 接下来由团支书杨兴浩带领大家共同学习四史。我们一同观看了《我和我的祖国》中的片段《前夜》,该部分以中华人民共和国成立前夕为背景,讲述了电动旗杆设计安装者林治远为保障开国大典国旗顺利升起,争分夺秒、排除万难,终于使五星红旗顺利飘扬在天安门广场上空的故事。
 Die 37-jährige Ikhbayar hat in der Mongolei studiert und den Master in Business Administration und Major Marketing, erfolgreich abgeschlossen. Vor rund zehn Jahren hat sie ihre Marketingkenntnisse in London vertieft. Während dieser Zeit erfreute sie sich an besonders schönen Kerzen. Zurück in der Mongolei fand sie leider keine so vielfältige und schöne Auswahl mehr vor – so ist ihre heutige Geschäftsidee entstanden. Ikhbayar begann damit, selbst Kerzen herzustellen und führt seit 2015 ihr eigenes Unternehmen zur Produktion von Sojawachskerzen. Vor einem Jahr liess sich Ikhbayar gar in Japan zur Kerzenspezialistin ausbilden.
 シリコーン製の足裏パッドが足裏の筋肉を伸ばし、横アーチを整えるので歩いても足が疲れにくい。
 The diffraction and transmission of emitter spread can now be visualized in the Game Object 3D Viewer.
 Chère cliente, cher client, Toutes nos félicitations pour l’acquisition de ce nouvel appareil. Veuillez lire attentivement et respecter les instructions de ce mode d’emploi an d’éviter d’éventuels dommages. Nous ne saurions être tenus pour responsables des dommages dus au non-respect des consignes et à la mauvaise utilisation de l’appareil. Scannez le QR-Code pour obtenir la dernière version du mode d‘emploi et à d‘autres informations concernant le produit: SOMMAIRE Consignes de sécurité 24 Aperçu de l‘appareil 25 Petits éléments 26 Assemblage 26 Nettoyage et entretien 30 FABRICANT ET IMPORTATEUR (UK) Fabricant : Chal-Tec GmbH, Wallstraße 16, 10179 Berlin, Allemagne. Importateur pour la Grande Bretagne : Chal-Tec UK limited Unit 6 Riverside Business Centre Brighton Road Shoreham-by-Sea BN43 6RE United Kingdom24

◆ ◆ ◆ ◆ ◆ ◆ ◆

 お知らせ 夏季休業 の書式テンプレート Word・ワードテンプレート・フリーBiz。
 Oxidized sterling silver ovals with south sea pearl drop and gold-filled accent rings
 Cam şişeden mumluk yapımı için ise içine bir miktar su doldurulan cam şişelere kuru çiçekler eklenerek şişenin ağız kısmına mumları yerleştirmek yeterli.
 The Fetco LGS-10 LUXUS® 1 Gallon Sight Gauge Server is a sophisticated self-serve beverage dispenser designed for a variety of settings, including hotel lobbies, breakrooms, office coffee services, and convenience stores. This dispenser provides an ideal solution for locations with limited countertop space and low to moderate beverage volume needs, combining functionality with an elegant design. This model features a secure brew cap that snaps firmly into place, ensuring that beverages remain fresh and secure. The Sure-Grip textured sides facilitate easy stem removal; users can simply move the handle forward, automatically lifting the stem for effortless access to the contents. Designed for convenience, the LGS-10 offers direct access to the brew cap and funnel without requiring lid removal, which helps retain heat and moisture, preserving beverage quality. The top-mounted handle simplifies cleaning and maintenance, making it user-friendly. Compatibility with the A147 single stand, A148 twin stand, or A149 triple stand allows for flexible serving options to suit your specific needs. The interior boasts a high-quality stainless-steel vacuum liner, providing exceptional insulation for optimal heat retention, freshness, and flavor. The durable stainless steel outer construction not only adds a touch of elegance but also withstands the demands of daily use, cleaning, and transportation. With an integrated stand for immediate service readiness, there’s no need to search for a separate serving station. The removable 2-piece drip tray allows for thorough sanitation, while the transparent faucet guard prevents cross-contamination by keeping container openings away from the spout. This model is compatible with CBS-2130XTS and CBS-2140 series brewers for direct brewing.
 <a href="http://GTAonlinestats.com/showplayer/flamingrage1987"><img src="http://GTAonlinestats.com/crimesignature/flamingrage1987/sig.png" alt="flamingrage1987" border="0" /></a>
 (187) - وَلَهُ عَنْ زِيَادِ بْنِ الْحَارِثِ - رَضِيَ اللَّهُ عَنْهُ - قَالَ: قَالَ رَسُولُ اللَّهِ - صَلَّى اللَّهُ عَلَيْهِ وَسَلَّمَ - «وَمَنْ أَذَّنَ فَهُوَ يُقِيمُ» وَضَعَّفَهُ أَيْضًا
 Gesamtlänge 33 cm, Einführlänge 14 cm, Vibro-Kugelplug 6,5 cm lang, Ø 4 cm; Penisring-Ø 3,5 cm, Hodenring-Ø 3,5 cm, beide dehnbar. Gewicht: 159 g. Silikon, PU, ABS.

◆ ◆ ◆ ◆ ◆ ◆ ◆

### WHAT YOU NEED TO DO
Using the material above, transcribe exactly the lines from the line with "シリコーン製の足裏パッドが足" to the line with "Chère cliente, cher"; both count, and nothing else goes in.

### EXERCISE RESULT
 シリコーン製の足裏パッドが足裏の筋肉を伸ばし、横アーチを整えるので歩いても足が疲れにくい。
 The diffraction and transmission of emitter spread can now be visualized in the Game Object 3D Viewer.
 Chère cliente, cher client, Toutes nos félicitations pour l’acquisition de ce nouvel appareil. Veuillez lire attentivement et respecter les instructions de ce mode d’emploi an d’éviter d’éventuels dommages. Nous ne saurions être tenus pour responsables des dommages dus au non-respect des consignes et à la mauvaise utilisation de l’appareil. Scannez le QR-Code pour obtenir la dernière version du mode d‘emploi et à d‘autres informations concernant le produit: SOMMAIRE Consignes de sécurité 24 Aperçu de l‘appareil 25 Petits éléments 26 Assemblage 26 Nettoyage et entretien 30 FABRICANT ET IMPORTATEUR (UK) Fabricant : Chal-Tec GmbH, Wallstraße 16, 10179 Berlin, Allemagne. Importateur pour la Grande Bretagne : Chal-Tec UK limited Unit 6 Riverside Business Centre Brighton Road Shoreham-by-Sea BN43 6RE United Kingdom24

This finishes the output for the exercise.